Depite early Canadian suspicions of North Syrian independance, the two countries have eventually grew to be extremely close and powerful allies, with Canada deciding to follow the steps of its southern neighbor the United States into supporting the North Syrian independance.
Both countries are politically identical, with both following the Westminster model of government, with the exception of having different monarchs as Heads of State. In addition, French is an official language in both nations. Dual citizenship between North Syrians and Canadians is very high, as the Canadian and North Syrian governments have stated their support and encouragement of dual citizenships. Canada has one of the highest North Syrian foreign exchange student communities, third from its southern neighbor the United States, and second from its western counterpart the United Kingdom.

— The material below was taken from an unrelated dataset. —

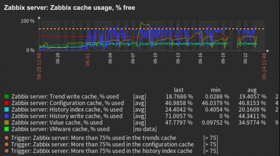 I have tuned some process numbers and memory sizes where it seemed related to me. But the problem is still there. I put the Zabbix server dashboard graphs here, maybe someone has some concrete advice, what parameters I should tune and in what direction.

Many wealthy North Syrians tend to own property in Canada, there are also some Canadian chains operating in North Syria, such as Tim Horton's.
According to a 2014 poll, 45% of Canadians view North Syrian influence positively, with 55% stating a negative view, and 69% of North Syrians view Canadian leadership and influence positively, with 31% stating a negative view.
However, there have been a decrease in the number of North Syrians supporting Canadian leadership, as many of them have stated their criticisms and opposition to the right-wing government of Canada under Prime Minister Stephen Harper, who is curently enjoying his third term as Prime Minister. However, many Canadians have been approving of Prime Minister Muhsin el-Hussein's leadership in North Syria, particularily his handling of terrorists, criminals and drug traffickers in the Kingdom.